I have never heard of this custom of visiting seven churches during the night watch of Holy Thursday. From where did the custom originate?

I laughed out loud when I read the quip by the Pensioner to the Cardinal about washing the left foot next year.

Anonymous said...

"During the stripping, this antiphon is chanted with Psalm 21: "I am a worm, not a man, abused by everyone, scorned by the people."

Shouldn't the stripping be done "without ceremony", whioch presumably means without psalmody as well?

Mark Langham said...

I can't answer why the Cardinal does not wear a dalmatic; I imagine it is his preference.

I'm not sure where the custom of the seven churches orginated - some other readers may know. My mother told me that she did it as a child in Ireland, and when I was student in Rome the custom was certainly still going strong.

Mary Jane said...

Many thanks to you for all these wonderful photos of Holy Week at the Cathedral. To a choir director working in a small suburban/rural parish in northern Florida, these look like paradise itself (not that our own Cathedral in St. Augustine doesn't do its best).

Happy Easter!

Anonymous said...

Maybe he doesn't wear a dalmatic, but I am glad to see he is washing the feet of 12 men, patriarchs indeed.
Coming from a part of the world where feet can be either sex, it is good to see Westminster Cathedral giving people the rites that they have right to have, the Liturgy of the Catholic Church.

Jude said...

Hey Fr. Mark--there are several different beliefs as to the origin of the tradition of visiting the seven churches on Holy Thursday. The one I tend to believe is that it probably originated in Rome where the early faithful visited the seven major basilicas as penance. I've read other things that suggest the practice originated in Poland, but, as to why, I know not. Maybe Fr. Dwayne could enlighted us about whether that's true...

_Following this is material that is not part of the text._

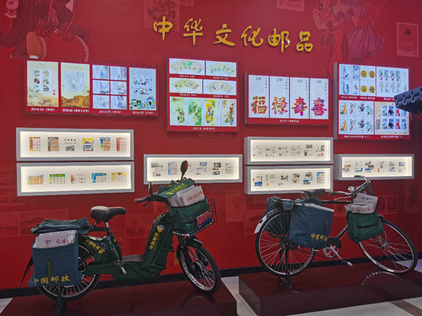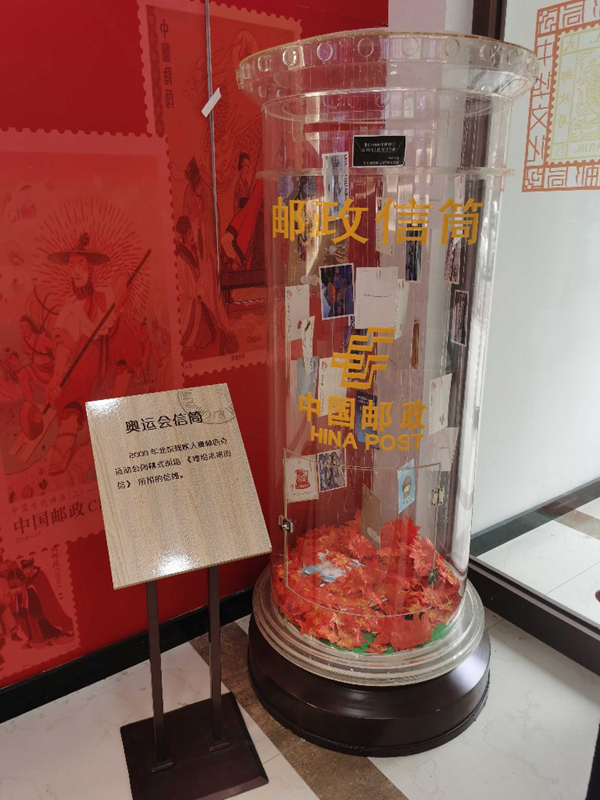 一進門右手邊,是一個透明的郵政信筒,它來自2008年北京殘奧會閉幕式,現(xiàn)場有很多人通過它投遞出了《寄給未來的信》。左右兩側的墻上,懸掛著中華文化郵品,用郵票的形式展示傳統(tǒng)文化,重陽節(jié)、梅蘭芳舞臺藝術、景德鎮(zhèn)瓷器等具有紀念意義的郵票都位列其中,這里是集郵愛好者的天堂。

Either way, it's a great practice, and I only wish I had the opportunity to visit seven churches as fantastic as the major basilicas. Either way, Happy Easter!

Anonymous said...

Hey! I am from Pennsylvania in the USA. My grandmother always told my mother to visit the 7 churches on Holy Thursday, and in my area Pittston, people still do.


The tradition of visiting seven churches on Holy Thursday is an ancient practice, probably originating in Rome, where early pilgrims visited the seven major basilicas as penance. They are Saint John Lateran, Saint Peter, Saint Mary Major, Saint Paul-outside-the-Walls, Saint Lawrence-outside-the-Walls, Saint Sebastian-outside-the-Walls, and Holy Cross-in-Jerusalem.

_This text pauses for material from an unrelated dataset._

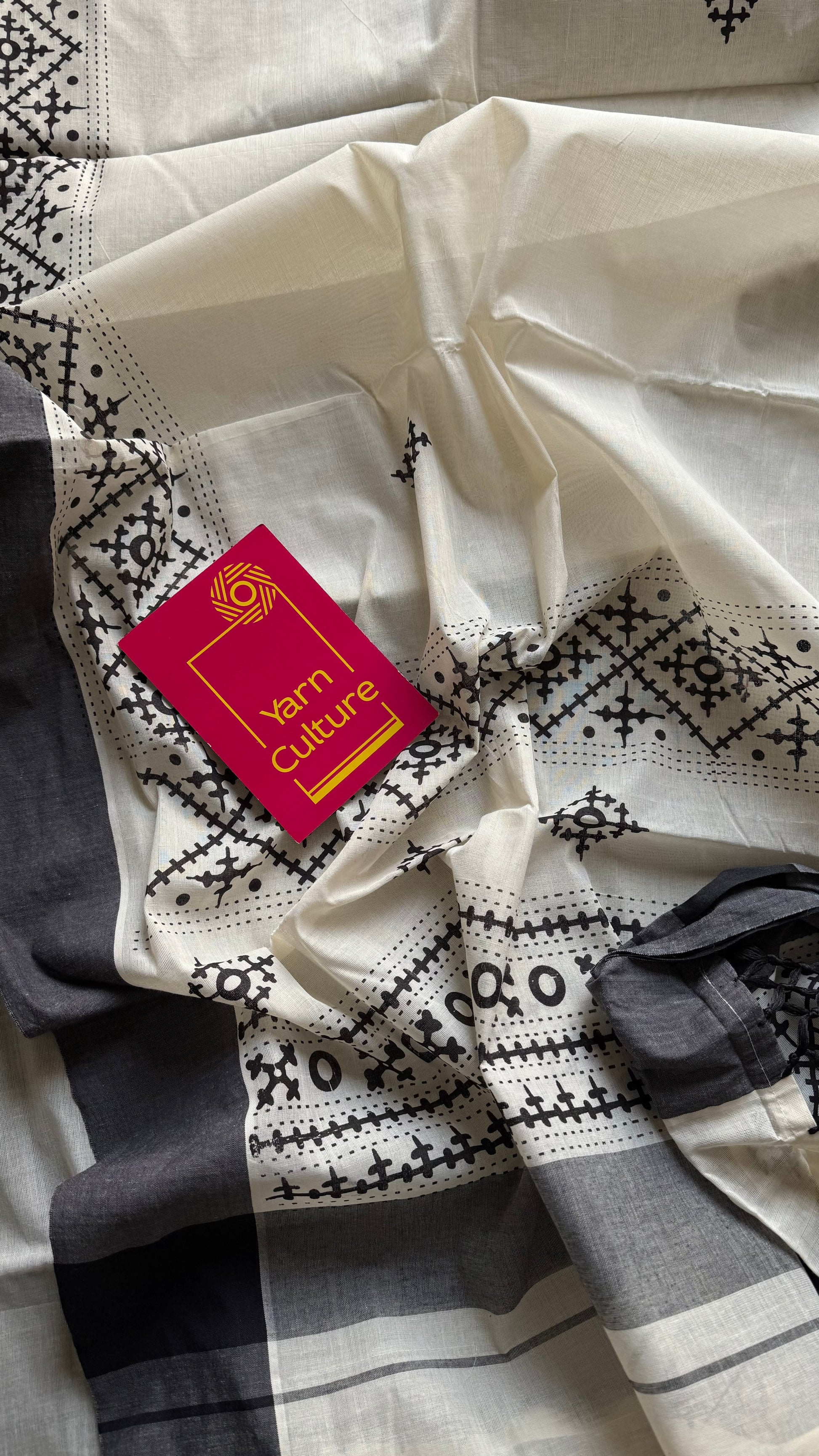 Ivory Kerala cotton saree with black Kutch-inspired printed borders and black centre pleats - YCIEKCFE312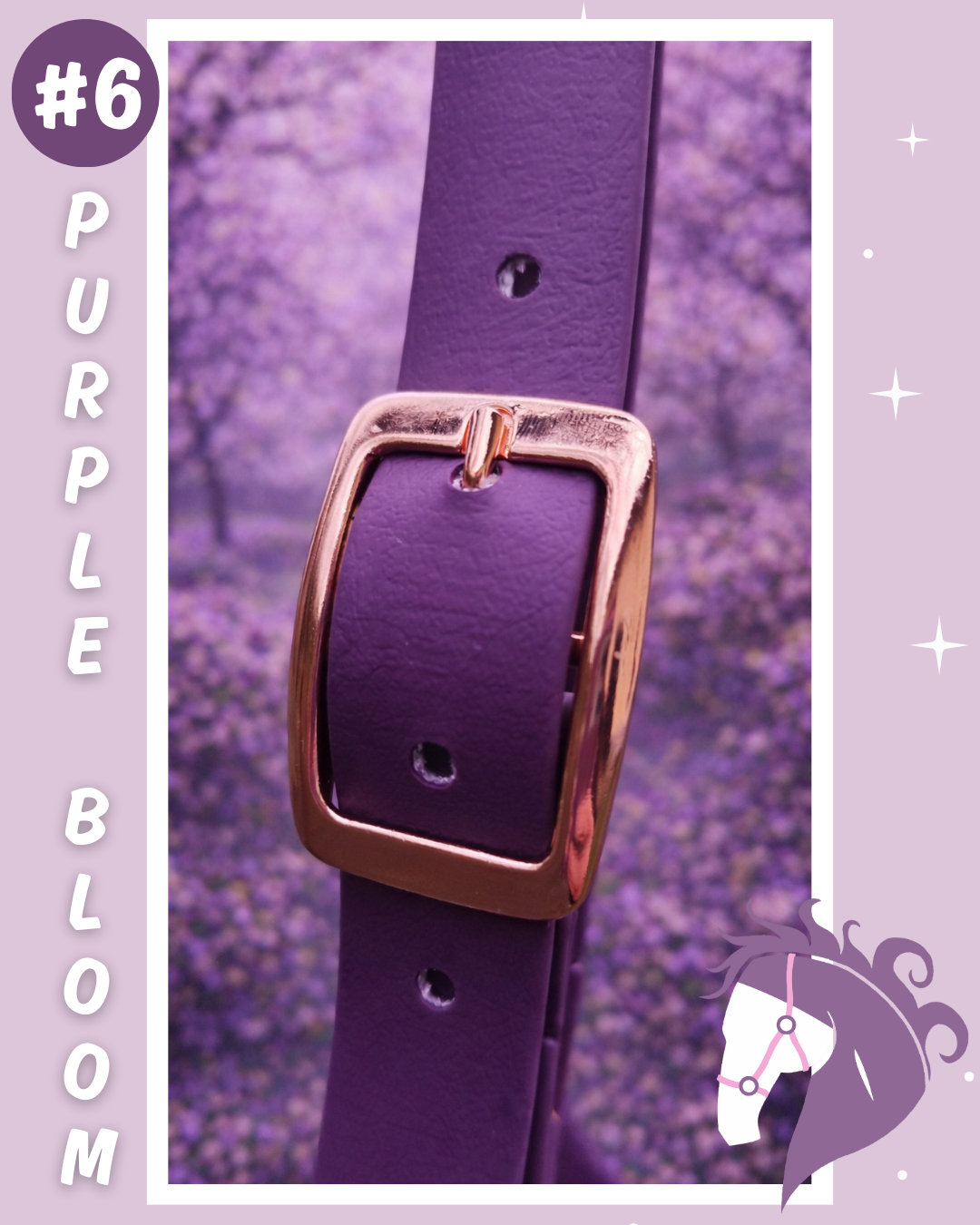 Offre à ton cheval un look élégant et lumineux avec Purple Bloom, un licol en Biothane aux tons aubergine et violet pastel, sublimé par une bouclerie rose gold. Une pièce raffinée, inspirée des soirées d’été et des fleurs qui s’ouvrent à la tombée du jour… parfait pour se démarquer avec subtilité, sans en faire trop.

Pope Boniface VIII revived the pilgrimage tradition in 1300 with the establishment of the Jubilee Year, and Rome became a center for pilgrimages. The seven churches developed as particular sites for visits. The seven areas may also be related to the historical seven deacons of Rome, whose responsibility was to minister to the poor in their region of the city. The first seven deacons in the Church were the seven assistants ordained by the Apostles to minister to the poor.

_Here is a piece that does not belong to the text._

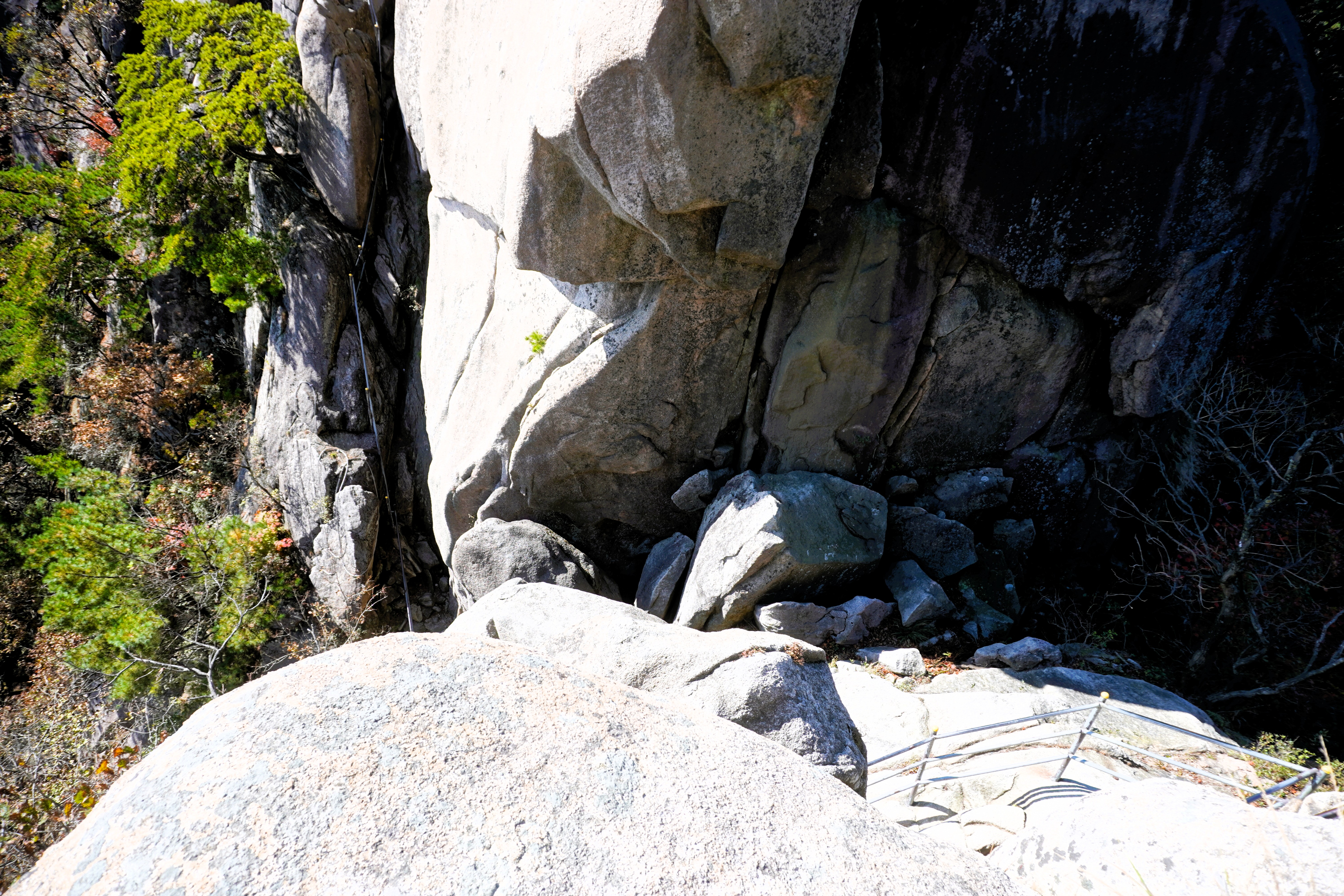 안말능선 위를 걷는 것인가 보다. 암튼, 그 능선을 따라 걷고 있으니 대단한 크기의 바위 옆을 오르는 계단이 나오는데... 계단이 설치되기 이전의 길도 보였다. 어휴~ 오른쪽 낭떠러지와 더불어 생각하니 몸에서 전율이 인다.

The practice in the Diocese of Pittsburgh has continued to be strong, owing in part to the influence of the Holy Name Society whose members are instrumental in many of the local pilgrimages.

The Diocesan Holy Name Society produces a book of prayers used on the seven church visitations. A new collection of meditations and prayers for 2008 will be posted on the website, Participants usually do seven Stations of the Cross as part of each visit. In this year’s booklet, two prayers are provided for each of the seven stations.